It changed my life. Several times, in fact.
I’ve used this amazing technique to write six books, produce a record, and script and direct a feature-length film. I used it again last year to write 350 poems — one a day, after I began on January 15. And I am using it this year to get that book of poems published and to write six other books (five business books under the Michael Masterson pen name, and a novel with my personal byline).
MaryEllen Tribby is using this technique right now to write her first book on marketing (which John Wiley & Sons will be publishing at the end of this year).
It is the single best technique I know for change. And it’s the fastest and easiest way to turn your life around if you are not happy with the way it’s been going so far.
Doing first things first. Is that what you do?
Here’s what I do:
  • I get up early – never after 6:30 a.m.

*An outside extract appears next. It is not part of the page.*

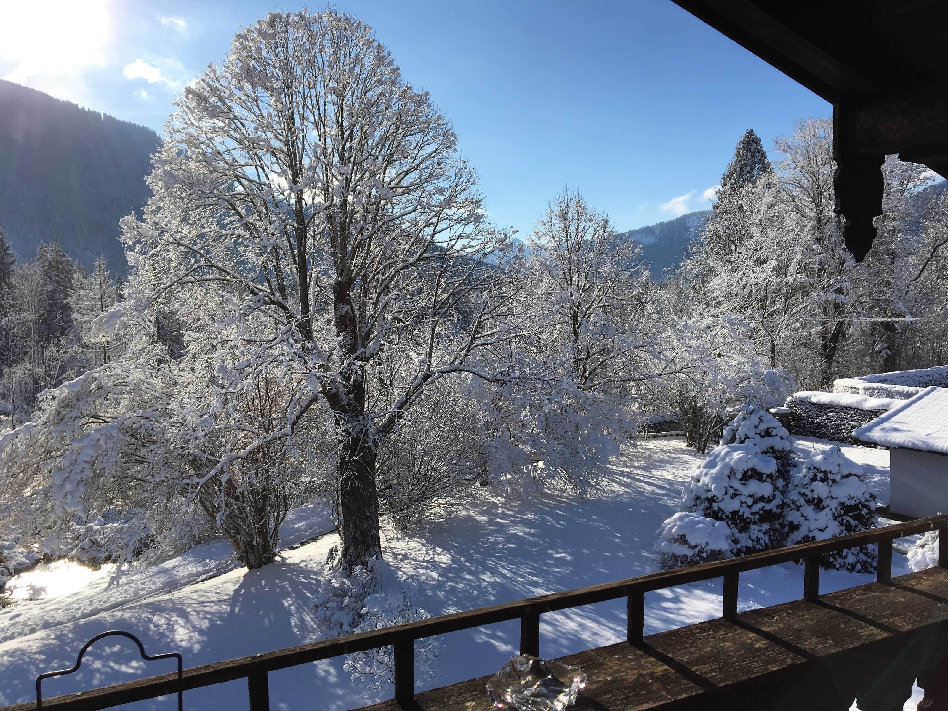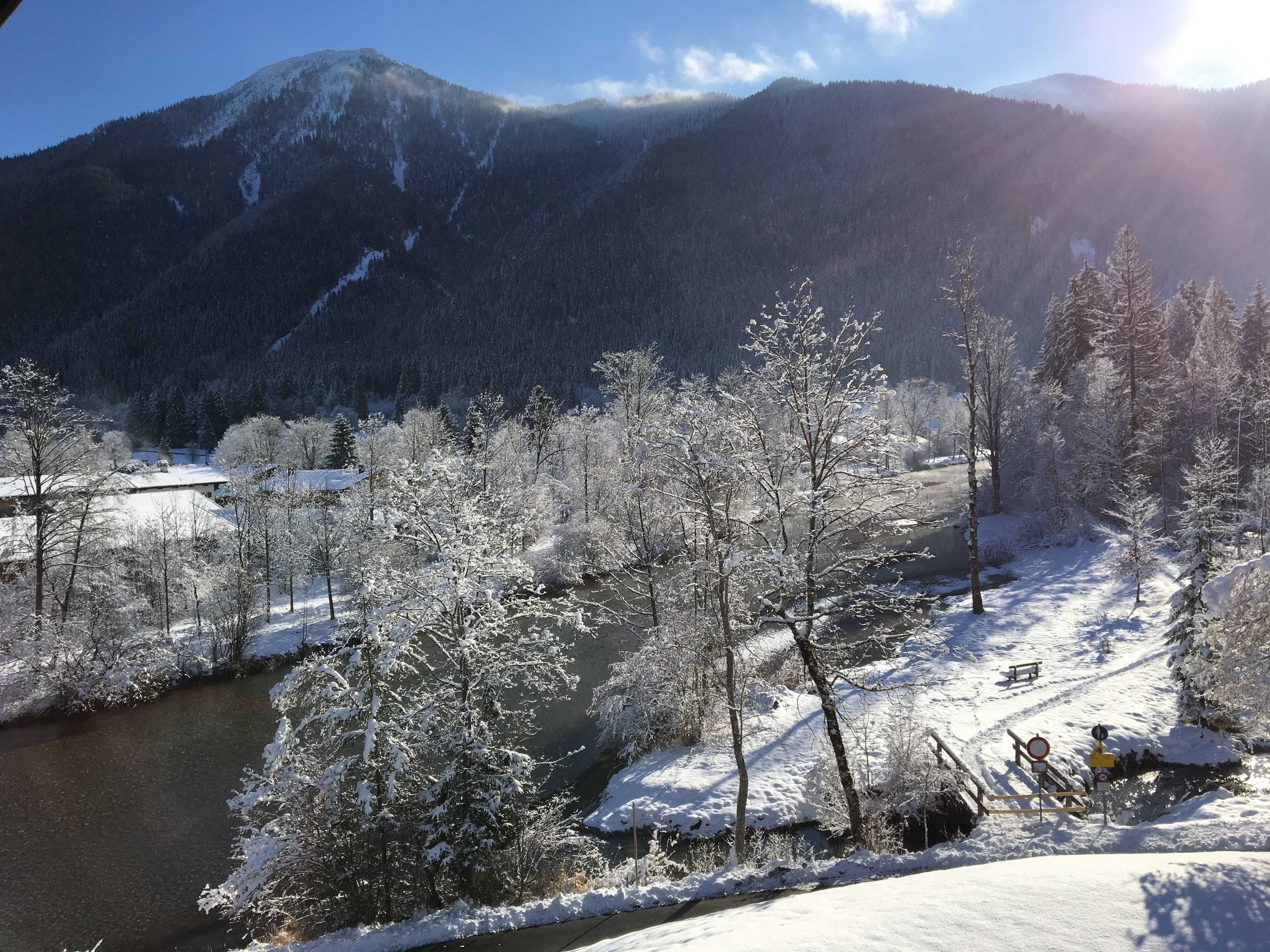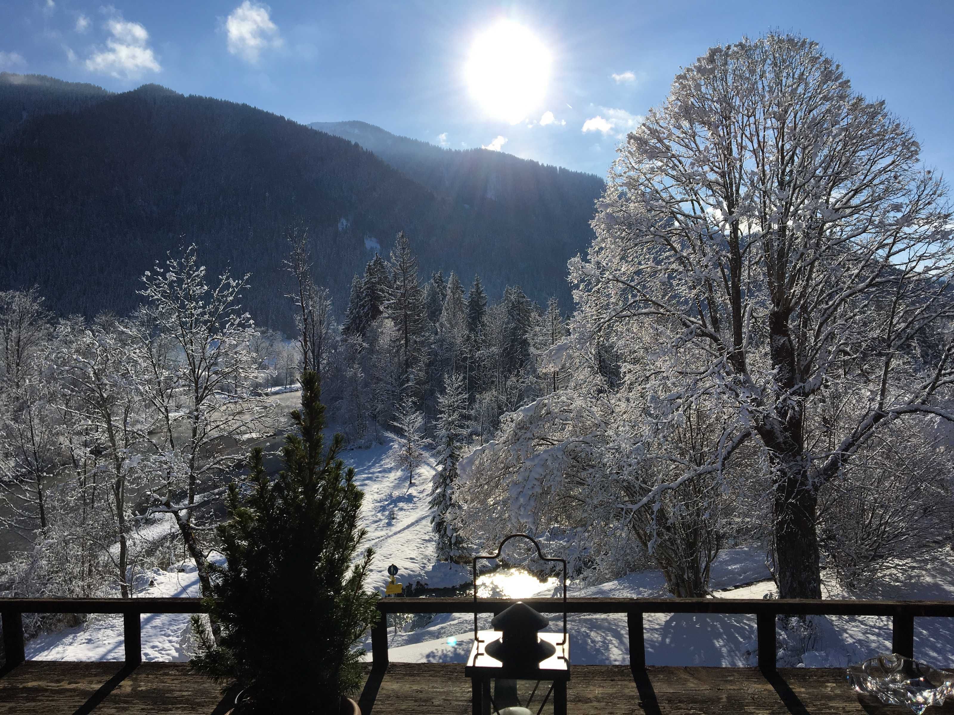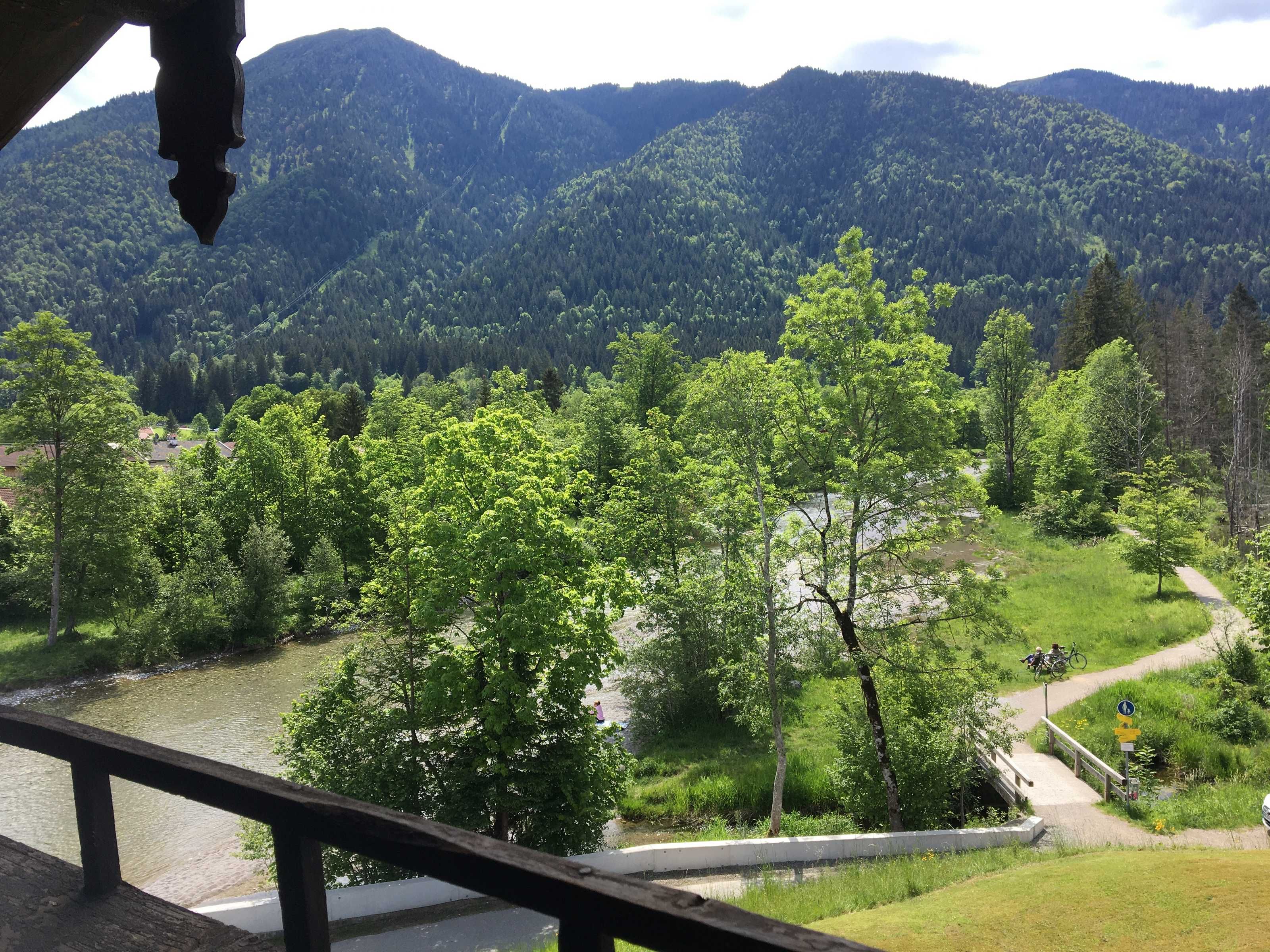 Vom Süd-Balkon hat man einen traumhaften Blick auf den Fluss, die Weissachau und den Wallberg.
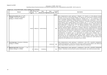 Załącznik A do SIWZ Znak sprawy: 2 / WOMP – ZCLiP / 2013 Specyfikacja Istotnych Warunków Zamówienia na Kompleksowe ubezpieczenie mienia i odpowiedzialności cywilnej WOMP – ZCLiP na okres 2 lat WOMP-ZCLiP WYKAZ BUDYNKÓW WRAZ Z OPISEM stan na 31.01.2013r. Pow Cena 1 m2 Suma Suma wartość Lp. Budynek całkowita wz ubezpieczenia WO ubezpieczenia KB ubezp. w m2 Opis budynku budynki 1 Budynek Przychodni część „A” i „B” + „Łącznik” w Szczecinie, ul. Bolesława Śmiałego 33. ST02024, ST02025 3626,97 3 000,00 zł 2 3 1/5 10 880 910,00 zł Garaż murowany w Szczecinie, ul. Bolesława Śmiałego 33. ST00046 Budynek stacja trafo w Szczecinie, Bolesława Śmiałego 33. ST00048 WO 4 043,82 zł KB ul. 30 3 000,00 zł 90 000,00 zł WO Klasa ubezpieczeniowa ryzyka ogniowego: I. Budynki A, B i łącznik są ze sobą połączone ścianami bocznymi. Od strony ul. Krzywoustego budynek „B” połączony jest ściana boczną z kamienicą kwartału ulic Krzywoustego, Bolesława Śmiałego, Chodkiewicza.. Budynki część „A” i „B” wybudowano w roku 1979 z materiałów trudnopalnych. Budynki połączone są łącznikiem, który wybudowano w 2004 roku. Odporność ogniowa klasy C spełniona. Budynki wybudowano o konstrukcji ścian nośnych murowanych, stropy żelbetowe, słupy i podciągi żelbetowe, dach na budynku część „A” i „B” plaski z płyt żelbetowych pokryty papą, Budynek część „łącznik” pokryty jest dachem o konstrukcji stalowej – blacha trapezowa. W części pomieszczeń w budynku część „A” i „B” dokonano przebudowę. Całość przeznaczona jest do świadczenia usług medycznych. Wytrzymałość stropów jest dostosowana do zainstalowanych urządzeń i aparatury medycznej. Budynki wyposażone są w instalacje: elektryczną, wodno-kanalizacyjną, grzewczą CO zasilaną z sieci miejskiej z węzłem cieplnym umieszczonym w piwnicy budynku część „A”, wentylację grawitacyjną oraz część pomieszczeń wyposażona jest w wentylację mechaniczną nawiewno-wywiewną z czerpnią powietrza na zewnątrz i wyprowadzonym wywiewem ponad dach budynku, odgromową i antywłamaniową, do budynku części „A” doprowadzona jest instalacja gazowa. Budynek część „A” wyposażony jest w dźwig szpitalny. Budynek część „Łącznik” wyposażony jest w dźwig osobowy przystosowany dla osób niepełnosprawnych. Oddymienie klatki schodowej wykonano poprzez montaż systemu automatycznego otwierania klapy dymowej. Na zewnątrz budynku przy wejściu głównym jest podjazd dla osób niepełnosprawnych i poruszających się na wózkach. Klasa ubezpieczeniowa ryzyka ogniowego: I, wybudowano w roku 1979 z materiałów trudnopalnych, budynek pięciosegmentowy o konstrukcji ścian murowanych, przekryty dachem płaskim z płyt żelbetowych pokrycie papą. Budynek wyposażony jest w instalacje: elektryczną, kanalizacyjną. Klasa ubezpieczeniowa ryzyka ogniowego: I, wybudowano w roku 1979 z materiałów trudnopalnych, budynek o konstrukcji ścian murowanych, przekryty dachem płaskim z płyt żelbetowych pokrycie papą. Załącznik A do SIWZ Znak sprawy: 2 / WOMP – ZCLiP / 2013 Specyfikacja Istotnych Warunków Zamówienia na Kompleksowe ubezpieczenie mienia i odpowiedzialności cywilnej WOMP – ZCLiP na okres 2 lat Lp. 4 Budynek Pow Cena 1 m2 Suma Suma wartość całkowita wz ubezpieczenia WO ubezpieczenia KB ubezp. w m2 Budynek Przychodni w którym mieszczą się Przychodnia Rehabilitacji Leczniczej i Zawodowej, Zakłady Ortopedyczne i Oddział Dzienny Rehabilitacji. w Szczecinie, ul. Mikołaja Kopernika 18. ST00157 2246,07 3 000,00 zł 5 6 Budynek wielofunkcyjny położony na terenie Zakładów Ortopedycznych w Szczecinie, ul. Mikołaja Kopernika 18 w którym mieszczą się Warsztaty Zakładów Ortopedycznych, Sklep wyposażenia Ortopedyczno – Rehabilitacyjnego. ST00158 160,15 3 000,00 zł 6 738 210,00 zł WO 480 450,00 zł WO Budynek magazynowy położony na terenie Zakładów Ortopedycznych w Szczecinie, ul. Mikołaja Kopernika 18, ST00159 46 458,00 zł 2/5 KB Opis budynku Klasa ubezpieczeniowa ryzyka ogniowego: I. Budynek wolno stojący. Odporność ogniowa klasy C spełniona. Budynek przychodni wolnostojący, zrealizowany w XIX w., przebudowany w latach osiemdziesiątych XX w., zmodernizowany w 2001 r., 4-ro kondygnacyjny, w całości podpiwniczony, o konstrukcji ścian z cegły, całość budynku przeznaczona do świadczeń usług medycznych. W latach osiemdziesiątych, dobudowano dwa szyby windowe, osobowy i towarowy z klatką schodową. Ściany – układ konstrukcyjny mieszany, osłonowe z cegły pełnej na zaprawie cementowo wapiennej. Stropy – piwnic łukowe na belkach, stalowych, kondygnacje stropy Klaina w części dobudowanej stropy WPS. Dach – kryty papą, Klatki schodowe – dwie, jedna schody - ceramiczne na belkach stalowych, oraz druga żelbetowa w części dobudowanej. Budynek wyposażony jest w instalację wod-kan., elektryczną, telefoniczną, logiczną, wentylację grawitacyjną wspomaganą mechanicznie, centralnego ogrzewania zasilaną z sieci miejskiej (węzeł co w piwnicy), wentylację mechaniczną, odgromową i antywłamaniową. Od strony podwórza znajduje się podjazd dla pacjentów niepełnosprawnych poruszających się na wózkach. W części pomieszczeń w budynku dokonano przebudowę. Całość przeznaczona jest do świadczenia usług medycznych. Wytrzymałość stropów jest dostosowana do zainstalowanych urządzeń i aparatury medycznej. Budynek wyposażony jest w dźwig towarowy i w dźwig osobowy przystosowany dla osób niepełnosprawnych. Oddymienie klatki schodowej wykonano poprzez montaż systemu automatycznego otwierania klapy dymowej. Konstrukcja dachu i stropów – stropodach wentylowany, konstrukcja płyty żelbetowo - korytkowej, pokrycie papą na wylewce betonowej; stropy WPS – izolacja keramzytem, (tynki, WPS, keramzyt, szlichta betonowa i posadzka). Klasa ubezpieczeniowa ryzyka ognio

  • I get to work early – never later than 7:30 a.m.
  • I spend my first hour doing a task that advances my most important goal.
  • If I’m going strong, I spend the next hour doing the same thing. If not, I switch to a task that advances my second-most-important goal.
  • I spend my third hour on another priority.
  • Only after four hours of doing important work do I allow myself to deal with less important work and other people’s urgencies.
By the time most people start wandering into the office – between 8:30 and 9:00 – I’ve done at least an hour and sometimes two hours of work that is helping me achieve my important goals. Goals that correspond to my core values. Goals that will immensely improve my life.
That’s how to begin a very good day!
I do this five days a week. And on weekends, I find at least two more hours each day to devote to my top priority. In a year, this averages to about 600 hours. Six hundred hours may not sound like much, but it is.